● **What to do**
In your copy, each line below is repeated exactly and no image appears.
(Recorded data)
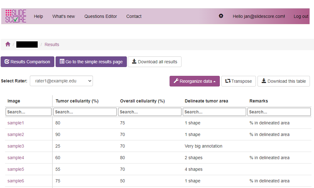 Slide Score provides a lot of options that control various aspects of scoring the set of slides, access to results or anonymization. A cool new feature is "scoring together" - when there are too many slides for one pathologist you can give access to multiple and enable scoring together so that when a slide is scored by one pathologist the others also see it as scored. Alternatively, you can use the splitting function (saying "slides nr. 1 to 100 will be scored by rater A") to divide the work between them more explicitly and equally.
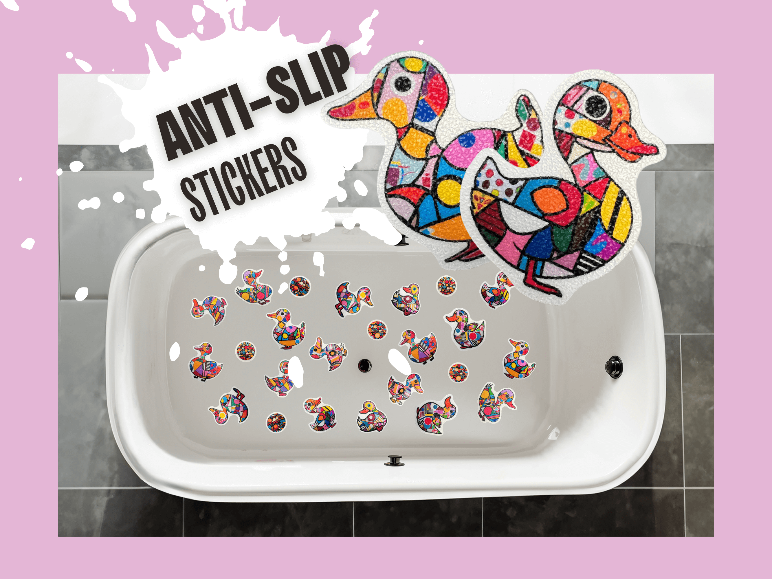 Discover our vibrant set of anti-slip decals, designed to cover a substantial area of your tub or shower! Each sticker varies in size for thorough and customizable coverage. Perfect for families, these decals transform your bathroom into a fun, safe space, ensuring traction and safety on slippery surfaces. Ideal for adding a splash of joy and essential safety to any bath time adventure. 🌈🛁
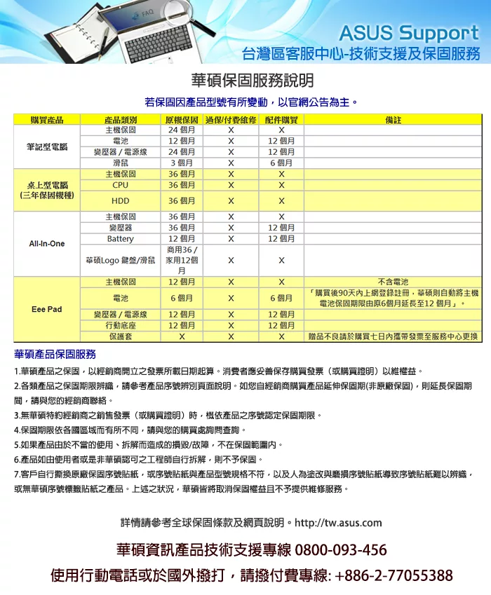 .asus 技術支援 0800-093-456 / 02-77055388 (手機專用)
(End Recorded data)
● **Response to the exercise**
 Slide Score provides a lot of options that control various aspects of scoring the set of slides, access to results or anonymization. A cool new feature is "scoring together" - when there are too many slides for one pathologist you can give access to multiple and enable scoring together so that when a slide is scored by one pathologist the others also see it as scored. Alternatively, you can use the splitting function (saying "slides nr. 1 to 100 will be scored by rater A") to divide the work between them more explicitly and equally.
 Discover our vibrant set of anti-slip decals, designed to cover a substantial area of your tub or shower! Each sticker varies in size for thorough and customizable coverage. Perfect for families, these decals transform your bathroom into a fun, safe space, ensuring traction and safety on slippery surfaces. Ideal for adding a splash of joy and essential safety to any bath time adventure. 🌈🛁
 .asus 技術支援 0800-093-456 / 02-77055388 (手機專用)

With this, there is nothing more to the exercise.